Tomas drückte seine Zigarette aus, erwog, sich eine neue anzustecken, ließ es dann aber bleiben.

»Und was ist die zweite Sache?«, fragte er.

»Dass dir diese Ermittlung im selben Moment entzogen wird, in dem du jemandem davon erzählst. Und weil die Ermittlungen in die Zuständigkeit von drei verschiedenen Polizeibezirken fallen, wird die Reichskriminalpolizei angetrampelt kommen wie eine Herde Affen und einen Riesenkrach schlagen, bis das Ganze an die Presse dringt.«

Tomas sah ein, dass Zingo recht hatte.

»Wie kann ich das verhindern?«

Zingos Blick ging von der Anzeigetafel mit den Abfahrtszeiten der Züge zu seiner Armbanduhr.

»Schreib einen Bericht. Dann reden wir morgen gemeinsam mit Ylva Zethraeus.«

»Bist du dann zurück?«

»Ich fahre nach Västerås, nicht nach Kambodscha.«

Zingo machte Anstalten, sich zu erheben, sank jedoch wieder zurück auf den Stuhl.

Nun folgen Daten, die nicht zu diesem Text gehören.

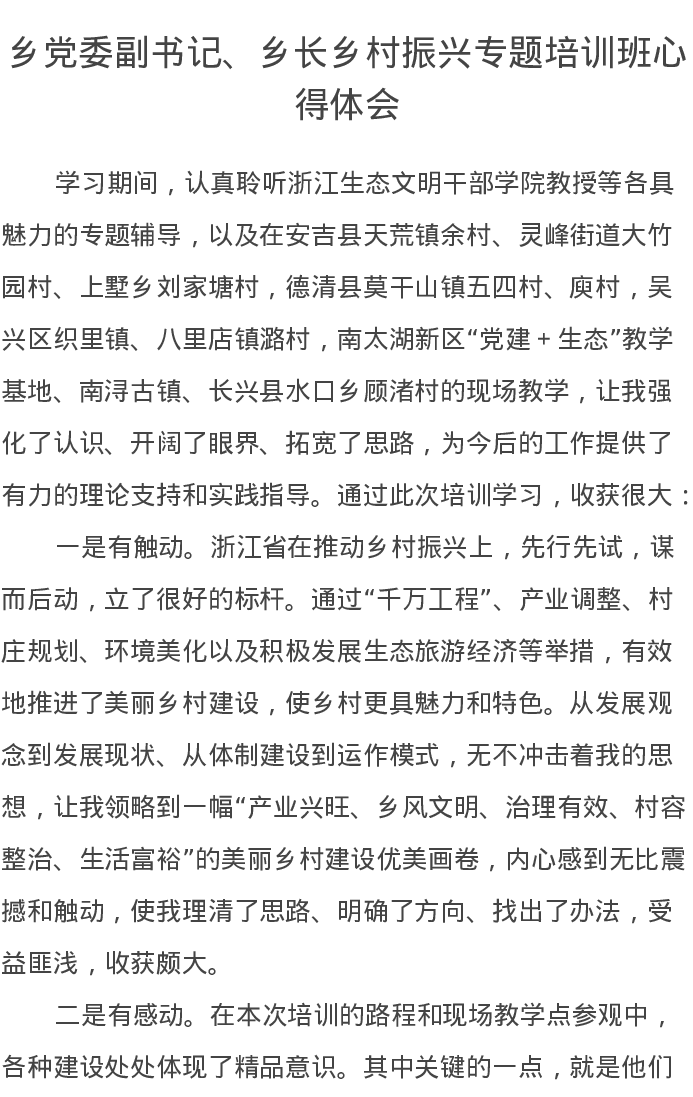 乡党委副书记、乡长乡村振兴专题培训班心得体会
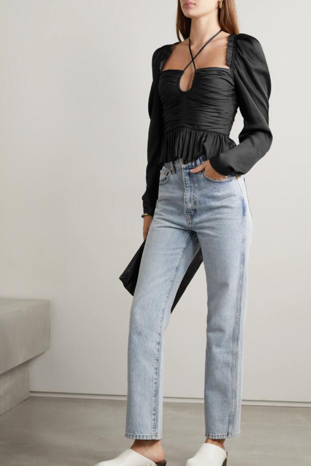 The blouse is cut from satin with a plunging neckline framed by halterneck ties. It has gently puffed shoulders skimmed with ruffles and a nipped-in waist that falls to a delicate peplum hem. Wear yours with jeans and pumps.
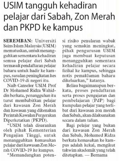 USIM Tangguh Kehadiran Pelajar Dari Sabah
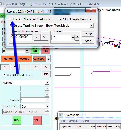 OK, but this is where I run into the problem. The only way I can see to do this is to bring up the reply control panel from the chart menu first, as shown in attachment 1234. So I do that and check the box. Then I choose the replay backtest option from the Trade menu (image 12345 attached). Then I see the clear replay/backtest data prompt (image 123456 attached) and say Yes. Then the backtest begins, the app gets busy, but the "for all charts in chartbook" check box automatically unchecks itself. (image 1234567 attached). So that is where I am stuck. Thank you. |
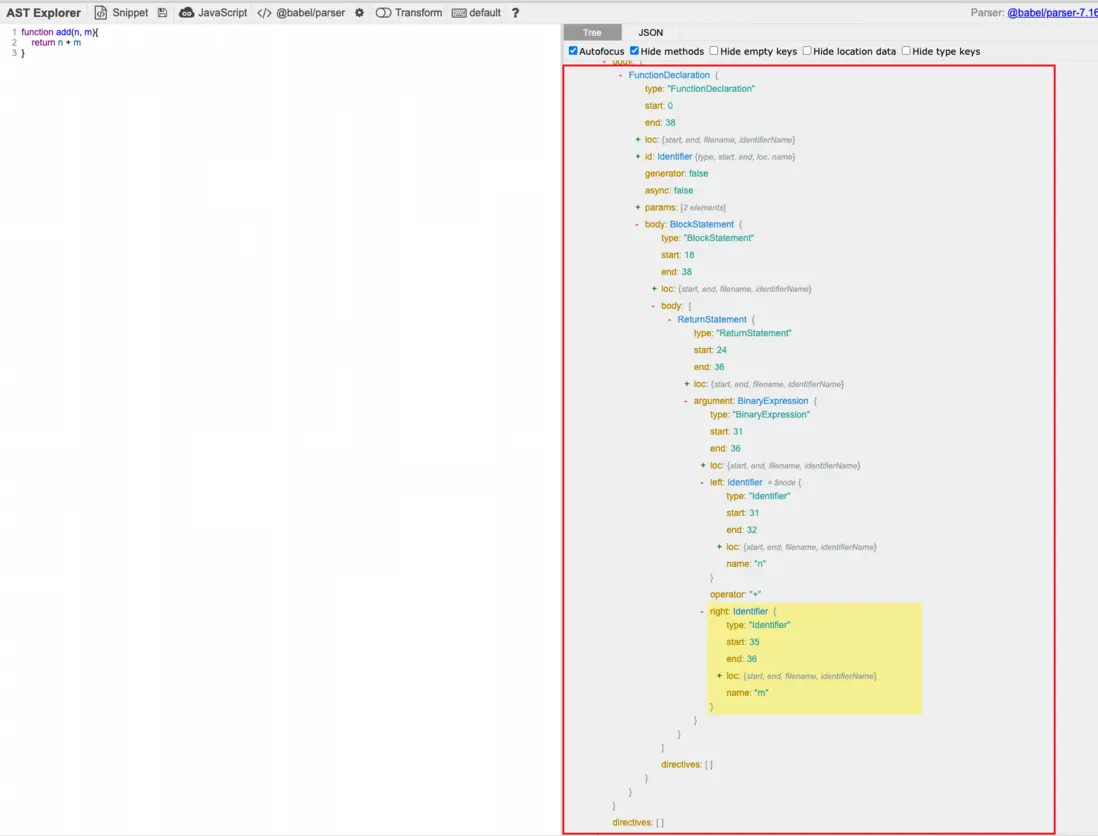 左邊是我們平時編寫的代碼,而右側便是通過代碼轉換得到的 AST 樹

»Gute Arbeit. Verdammt gute Arbeit. Du hattest Glück, aber Glück verdient man.«

Tomas nickte. Vor seinem inneren Auge sah er einen zehn Jahre jüngeren Zingo, der ihm in einem Vernehmungsraum des Polizeireviers in Västerås gegenübersaß. Hörte den Hass in seiner eigenen Stimme. Du kriegst kein Wort aus mir raus, du scheiß Zionistenlakai . Sah Zingos geduldiges Lächeln.

Er spürte, wie sich seine Kehle zuschnürte.

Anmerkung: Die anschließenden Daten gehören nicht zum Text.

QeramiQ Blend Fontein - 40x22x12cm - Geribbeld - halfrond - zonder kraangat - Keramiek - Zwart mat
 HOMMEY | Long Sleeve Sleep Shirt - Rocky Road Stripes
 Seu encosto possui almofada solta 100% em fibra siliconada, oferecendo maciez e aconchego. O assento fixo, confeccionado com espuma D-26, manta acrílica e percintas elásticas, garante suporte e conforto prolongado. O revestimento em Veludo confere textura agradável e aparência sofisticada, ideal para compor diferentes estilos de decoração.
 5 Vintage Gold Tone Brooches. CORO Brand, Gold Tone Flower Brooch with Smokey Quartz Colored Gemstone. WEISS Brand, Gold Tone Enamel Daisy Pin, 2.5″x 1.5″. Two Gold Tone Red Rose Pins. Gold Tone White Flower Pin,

»Das habe ich dir zu verdanken«, sagte er. »Manchmal frage ich mich, wo ich jetzt wäre. Ohne dich und ohne Klara.«

»Du bist nicht unseretwegen Polizist geworden, sondern wegen dieser Frauen«, erwiderte Zingo und klopfte mit dem Finger auf die beiden Ermittlungsakten.

»Ich wäre nie Polizist geworden, wenn du nach meinem Freispruch in dieser Körperverletzungssache nicht zu mir gekommen wärst und mich überzeugt hättest. Du hast gesagt, du glaubst, ich könnte ein guter Polizist werden. Das war das erste Mal in meinem Leben, dass jemand an mich geglaubt hat.«

Zingo gluckste.

»Habe ich das gesagt? Daran erinnere ich mich nicht.«

Tomas wandte den Blick ab. Er fand es seltsam, dass Zingo sich nicht daran erinnerte. Für ihn war es einer der entscheidendsten Augenblicke seines Lebens gewesen. Genauso entscheidend wie der Moment, in dem er Klara getroffen hatte. Er kam sich lächerlich vor.

Zingo begann zu lachen.

»Was ist so komisch?«, blaffte Tomas mürrisch.

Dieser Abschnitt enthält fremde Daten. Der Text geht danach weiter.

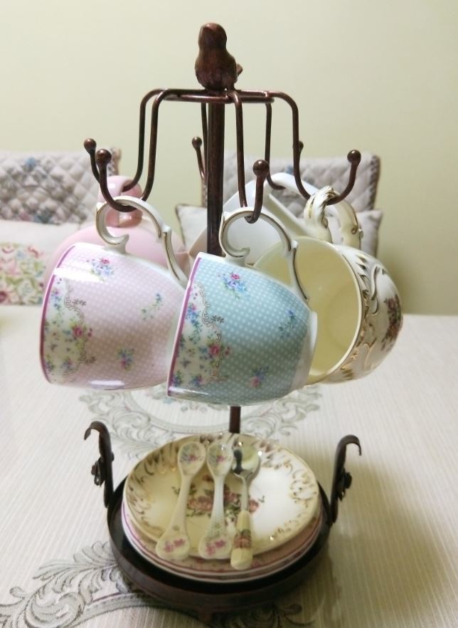 - LDL326# カップスタンド 小鳥モチーフ付き アンティーク風 6個用 (ブロンズ)
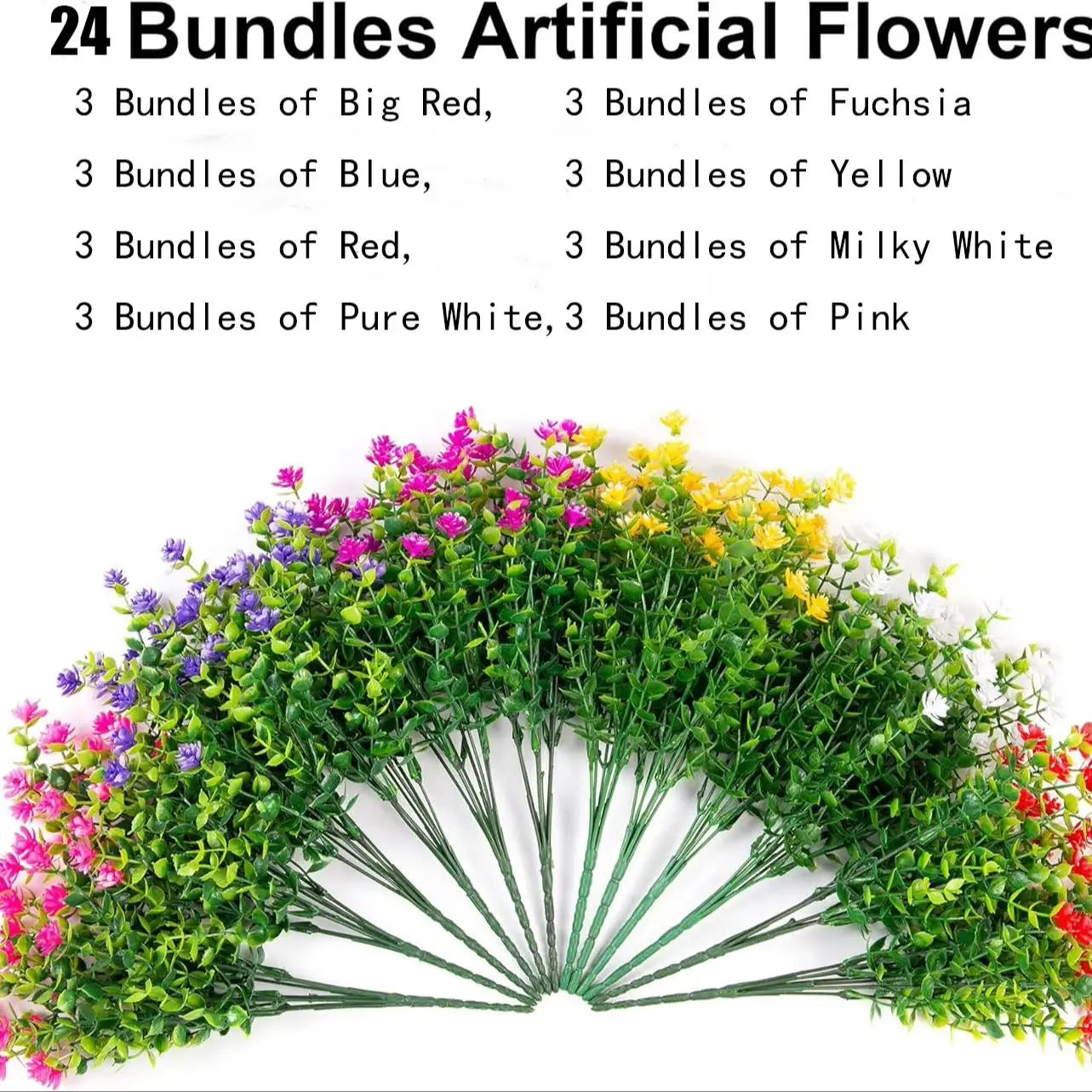 24Bundles,8 Colors, Outdoor Artificial Fake Flowers UV
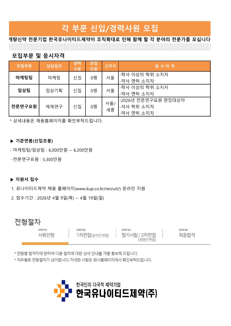 [한국유나이티드제약] 마케팅팀/임상팀/전문연구요원 모집
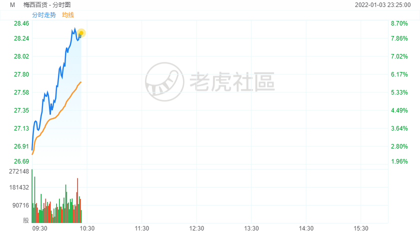1月3日,美股百货商店板块表现强势,梅西百货、狄乐百货涨超8%,诺德斯特龙涨超6%,科尔士百货涨超3%
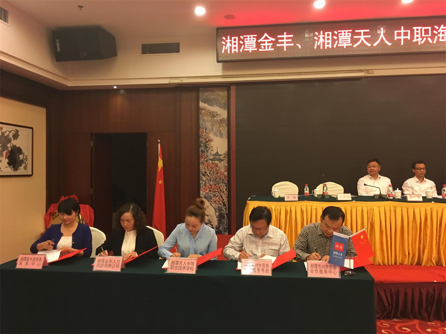 隨后,湖南省對外勞務(wù)合作服務(wù)平臺主任徐曙紅、湘潭市對外勞務(wù)合作服務(wù)中心主任何波、湘潭縣外派勞務(wù)中心主任賀茜、湘潭天人中等職業(yè)技術(shù)學校校長徐慧、湘潭金豐人力資源有限公司董事長卜健萍正式簽署五方《合作協(xié)議》。
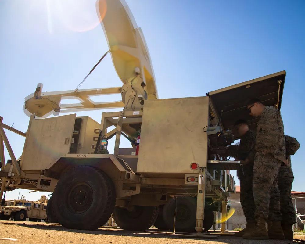 美军广泛采用VSAT卫星通信系统来保障指挥、控制和情报传输。 美国海军陆战队员隶属于第九通信营,第一海军远征军信息组(MIG),在加利福尼亚州彭德尔顿海军陆战队基地进行演示时,作一台非常小的孔径军用卫星通信终端(VSAT)——大型。VSAT训练支持第9通信营运营、防御和维护信息网络的任务。 VSAT卫星通信系统,VSAT 是 Very Small Aperture Terminal 的缩字,直译为甚小口径卫星终端站。所以也称为卫星小数据站(小站)或个人地球站(PES),这里的“小”字指的是VSAT卫星通信系统中小站设备的天线口径小,通常为0.3-1.4M。VSAT系统具有灵活性强,可靠性高,成本低,使用方便以及小站可直接装在用户端等特点。
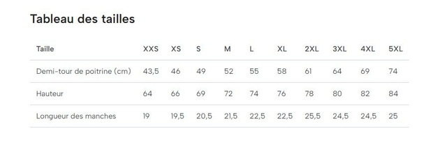Taille : XXS- XS- S -M -L- XL- 2XL -3XL -4XL -5XL
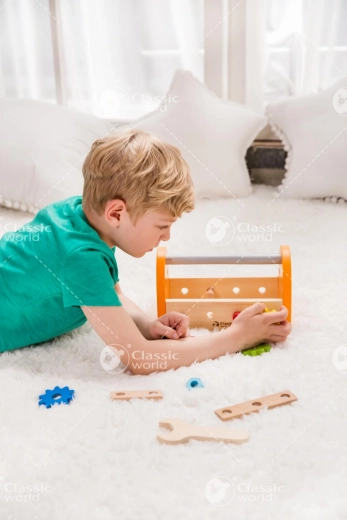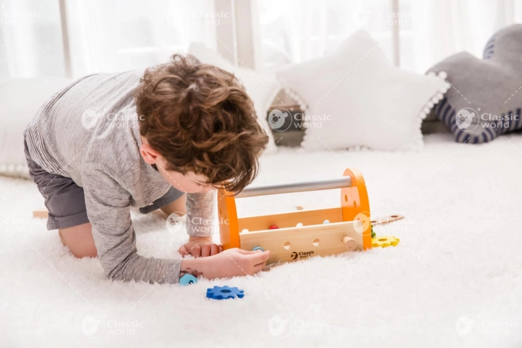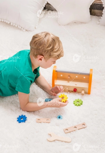 Dette træværktøjssæt vil glæde alle små gør-det-selv’er, der gerne vil hjælpe derhjemme. I den solide træboks finder du alt, der er nødvendigt til sikker og legende “reparation”. Legetøjet udvikler hånd-øje-koordination, fremmer kreativitet og lærer børn grundlæggende håndværksfærdigheder.
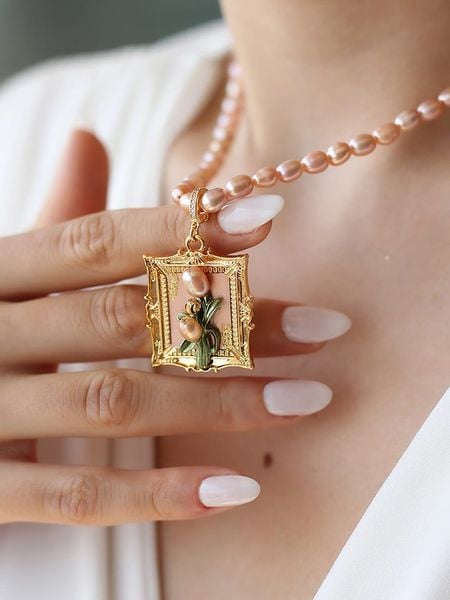 – materiał 1: hodowlane perły słodkowodne- materiał 2: mosiądz- powłoka: złoto- zapięcie: karabińczyk- kolor pereł: jasnoróżowy- kształt zawieszki: medalion- regulacja długości: takWskazówka: Zdjęcie produktu w powiększeniu.

»Das habe ich damals nur so dahingesagt. Ich hatte keine Ahnung, ob du ein guter Polizist sein würdest oder nicht. Ich hielt das für eine bessere Alternative, als wenn du weiter durch die Stadt gezogen wärst und Leute zusammengeschlagen hättest.«

Sie standen auf und gingen nebeneinanderher durch das dichte Gedränge. Der Zug stand schon am Gleis. Sie gaben sich die Hand und sahen sich in die Augen. Dann drehte Zingo sich um und stieg ein. Tomas wartete, bis auch das letzte Wagenabteil außer Sichtweite war, dann lief er langsam zurück zu seinem Auto.